Provided entries:
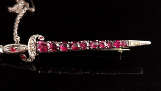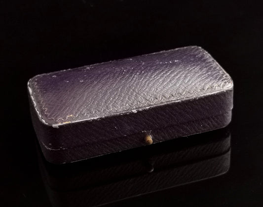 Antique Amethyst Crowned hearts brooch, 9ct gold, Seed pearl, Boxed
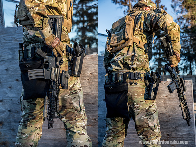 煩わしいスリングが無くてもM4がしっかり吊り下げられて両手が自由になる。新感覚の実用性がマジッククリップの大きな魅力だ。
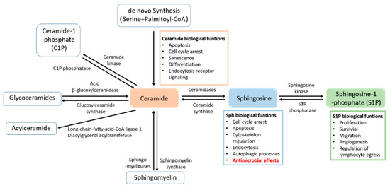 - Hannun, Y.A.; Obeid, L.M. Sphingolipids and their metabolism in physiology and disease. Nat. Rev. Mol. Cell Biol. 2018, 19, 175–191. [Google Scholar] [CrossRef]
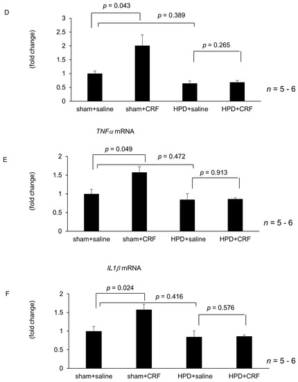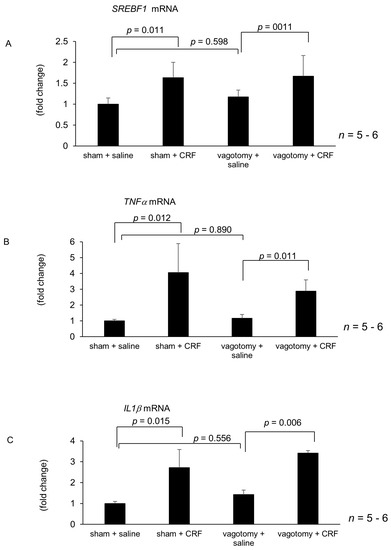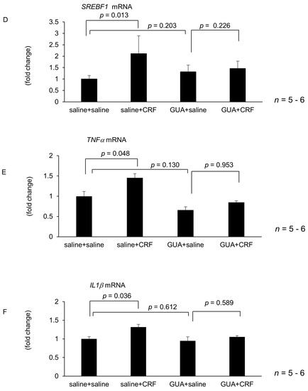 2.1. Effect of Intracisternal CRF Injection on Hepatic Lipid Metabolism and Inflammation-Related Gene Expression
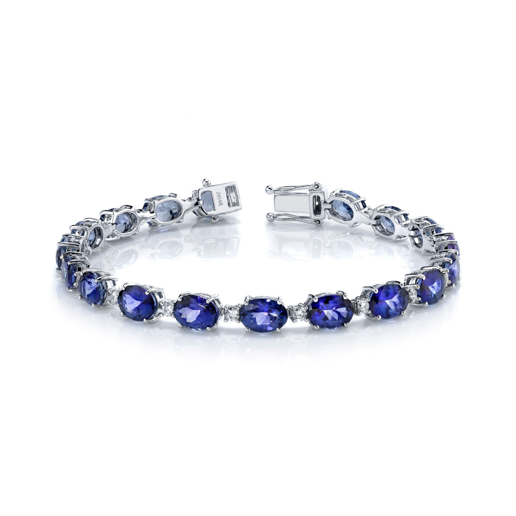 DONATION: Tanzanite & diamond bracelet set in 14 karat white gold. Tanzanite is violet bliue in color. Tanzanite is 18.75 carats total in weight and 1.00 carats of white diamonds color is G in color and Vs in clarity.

---

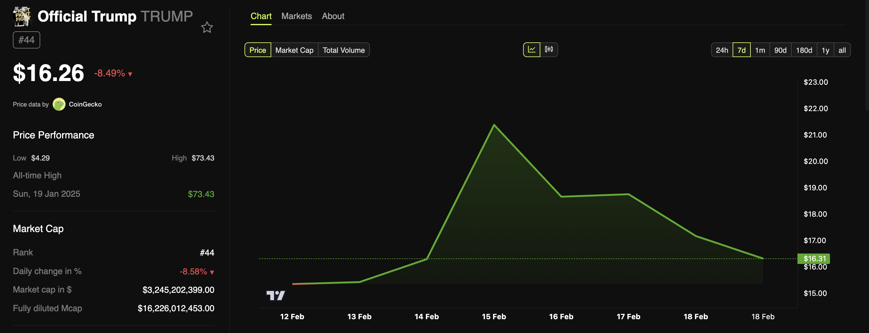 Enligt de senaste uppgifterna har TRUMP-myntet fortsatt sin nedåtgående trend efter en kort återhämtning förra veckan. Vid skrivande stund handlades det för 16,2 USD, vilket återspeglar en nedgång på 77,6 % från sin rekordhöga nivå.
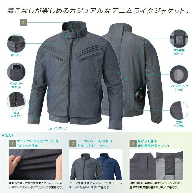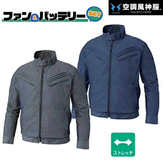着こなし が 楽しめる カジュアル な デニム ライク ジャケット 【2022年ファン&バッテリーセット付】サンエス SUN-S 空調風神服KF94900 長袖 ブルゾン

==

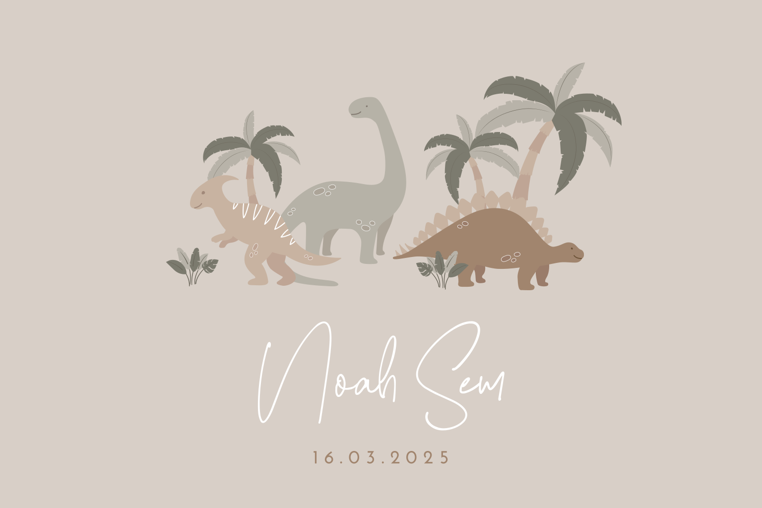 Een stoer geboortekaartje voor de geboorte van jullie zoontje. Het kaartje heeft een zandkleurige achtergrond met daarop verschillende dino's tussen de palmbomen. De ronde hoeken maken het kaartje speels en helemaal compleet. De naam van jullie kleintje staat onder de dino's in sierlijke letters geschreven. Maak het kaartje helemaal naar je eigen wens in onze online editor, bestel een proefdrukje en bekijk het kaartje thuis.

Work order: Looking at the listing above, which lines run from the one containing "煩わしいスリングが無くてもM" through the one containing "2.1. Effect of"? Print exactly those, ends included, pictures excluded.

Solved exercise:
 煩わしいスリングが無くてもM4がしっかり吊り下げられて両手が自由になる。新感覚の実用性がマジッククリップの大きな魅力だ。
 - Hannun, Y.A.; Obeid, L.M. Sphingolipids and their metabolism in physiology and disease. Nat. Rev. Mol. Cell Biol. 2018, 19, 175–191. [Google Scholar] [CrossRef]
 2.1. Effect of Intracisternal CRF Injection on Hepatic Lipid Metabolism and Inflammation-Related Gene Expression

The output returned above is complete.